Dotcom's appearance at SXSW was just one of many moments at the Austin conference and festival that highlighted the increasing tensions between the entertainment and high-tech worlds over copyright issues. "Downloaded," a documentary about the early file-sharing service Napster, and "The Pirate Bay Away From Keyboard," a documentary about the founders of Swedish file sharing service the Pirate Bay, both screened during the film portion of the festival, and multiple panels dealt with the issue.

Despite the looming criminal charges, Dotcom was jovial during the talk, his disembodied head appearing on a black screen above the podium like a giant orb.

"Do you believe you're going to be subject to a drone strike?" one audience member asked.

"You mean like rockets?" Dotcom said, laughing. "No."

Dotcom, 39, born Kim Schmitz in Germany, rose to prominence there in the 1990s as a teenage hacker. At 6 feet, 7 inches and nearly 300 pounds, he has an outsized persona and a taste for luxury. When New Zealand police arrested Dotcom in January, they seized $17 million in assets, including 18 cars, mutiple big-screen TVs and several expensive pieces of art.

"I'm certainly a flamboyant character," Dotcom said. "I enjoy life."

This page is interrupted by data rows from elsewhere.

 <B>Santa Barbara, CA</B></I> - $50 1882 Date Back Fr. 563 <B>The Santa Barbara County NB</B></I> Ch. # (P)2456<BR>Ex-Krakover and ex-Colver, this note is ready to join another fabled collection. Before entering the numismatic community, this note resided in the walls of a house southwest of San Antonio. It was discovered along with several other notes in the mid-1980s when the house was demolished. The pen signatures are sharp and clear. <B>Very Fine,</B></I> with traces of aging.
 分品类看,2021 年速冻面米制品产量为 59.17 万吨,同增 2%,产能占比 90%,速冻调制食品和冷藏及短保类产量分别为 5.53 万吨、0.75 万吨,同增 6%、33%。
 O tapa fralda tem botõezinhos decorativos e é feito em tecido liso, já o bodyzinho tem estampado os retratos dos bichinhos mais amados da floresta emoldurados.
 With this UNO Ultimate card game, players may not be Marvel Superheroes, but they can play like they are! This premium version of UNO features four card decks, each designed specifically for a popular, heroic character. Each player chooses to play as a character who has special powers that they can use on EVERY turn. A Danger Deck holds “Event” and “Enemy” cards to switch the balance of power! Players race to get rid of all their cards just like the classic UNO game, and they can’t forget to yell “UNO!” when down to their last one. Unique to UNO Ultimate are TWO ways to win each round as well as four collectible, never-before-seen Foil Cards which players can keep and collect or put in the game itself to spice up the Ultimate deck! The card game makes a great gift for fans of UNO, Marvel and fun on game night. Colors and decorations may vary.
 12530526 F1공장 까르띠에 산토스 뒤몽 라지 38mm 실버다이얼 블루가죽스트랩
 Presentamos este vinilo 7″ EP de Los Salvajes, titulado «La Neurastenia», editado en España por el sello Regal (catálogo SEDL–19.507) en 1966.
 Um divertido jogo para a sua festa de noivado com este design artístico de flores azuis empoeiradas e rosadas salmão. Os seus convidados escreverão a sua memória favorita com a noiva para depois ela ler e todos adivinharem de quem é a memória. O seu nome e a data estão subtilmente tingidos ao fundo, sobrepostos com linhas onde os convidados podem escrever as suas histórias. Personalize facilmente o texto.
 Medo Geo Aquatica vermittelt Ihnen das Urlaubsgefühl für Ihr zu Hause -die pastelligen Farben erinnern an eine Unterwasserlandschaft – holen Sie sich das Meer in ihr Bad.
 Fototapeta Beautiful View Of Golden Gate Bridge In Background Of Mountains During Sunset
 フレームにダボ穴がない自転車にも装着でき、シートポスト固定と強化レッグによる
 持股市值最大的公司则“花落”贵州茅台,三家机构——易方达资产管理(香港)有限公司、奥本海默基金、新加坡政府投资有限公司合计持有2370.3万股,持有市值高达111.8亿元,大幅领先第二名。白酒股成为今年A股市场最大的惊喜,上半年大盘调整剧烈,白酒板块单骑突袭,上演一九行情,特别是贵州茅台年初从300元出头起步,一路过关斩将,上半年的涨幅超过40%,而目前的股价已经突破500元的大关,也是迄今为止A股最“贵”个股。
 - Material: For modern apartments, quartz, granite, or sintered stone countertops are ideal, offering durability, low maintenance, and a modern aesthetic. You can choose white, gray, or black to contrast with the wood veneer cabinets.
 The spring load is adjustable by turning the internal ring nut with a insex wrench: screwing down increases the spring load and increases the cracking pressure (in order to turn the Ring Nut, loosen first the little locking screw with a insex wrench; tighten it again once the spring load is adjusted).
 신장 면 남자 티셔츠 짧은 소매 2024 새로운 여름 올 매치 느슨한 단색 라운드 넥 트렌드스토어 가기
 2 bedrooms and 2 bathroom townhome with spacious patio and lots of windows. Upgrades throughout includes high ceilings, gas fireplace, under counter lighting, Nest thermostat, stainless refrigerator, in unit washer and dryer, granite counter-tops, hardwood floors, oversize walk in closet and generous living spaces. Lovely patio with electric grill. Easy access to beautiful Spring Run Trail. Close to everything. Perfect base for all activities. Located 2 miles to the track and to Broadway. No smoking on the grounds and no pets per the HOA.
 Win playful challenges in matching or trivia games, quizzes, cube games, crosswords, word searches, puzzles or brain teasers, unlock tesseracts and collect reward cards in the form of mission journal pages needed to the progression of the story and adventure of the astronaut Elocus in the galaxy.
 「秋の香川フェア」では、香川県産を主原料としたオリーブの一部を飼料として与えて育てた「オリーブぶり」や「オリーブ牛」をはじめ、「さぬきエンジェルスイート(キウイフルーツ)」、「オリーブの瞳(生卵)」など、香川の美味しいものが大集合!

But he said his lifestyle since his arrest hasn't changed a lot. In the intervening months, Dotcom has launched a new company, Mega, a cloud storage service that relies on encryption to protect users from third parties seeking to invade their privacy.

"It's pretty relaxed," Dotcom said of his day-to-day existence. "I play XBox, I watch movies, I go to the cinema. They took all my toys, but I don't really miss them that much."

Dotcom said he still has one car, a station wagon he uses to take his kids to school. He told the audience he would be hosting a marathon on his property Sunday for 1,500 runners — an indication of just how vast his estate is.

The restriction on international travel seemed to be more of a hindrance for Dotcom.

"I miss Germany," he said. "I miss mom."

Dotcom's extradition has been subject to multiple appeals in New Zealand, with his attorneys asserting that the warrants used to seize his property were too broad. The next step in the case is a hearing in April.

Graeber is working on a book about Dotcom, who said he is open to the book turning into a movie.

"If the movie is pirated, I wouldn't cry," Dotcom said.

[For the record, March 11, 11:30 p.m.: An earlier version of this post said the Carnegie Mellon study was financed through a gift from the Motion Picture Assn. of America. The center that conduced the study is financed by the MPAA.]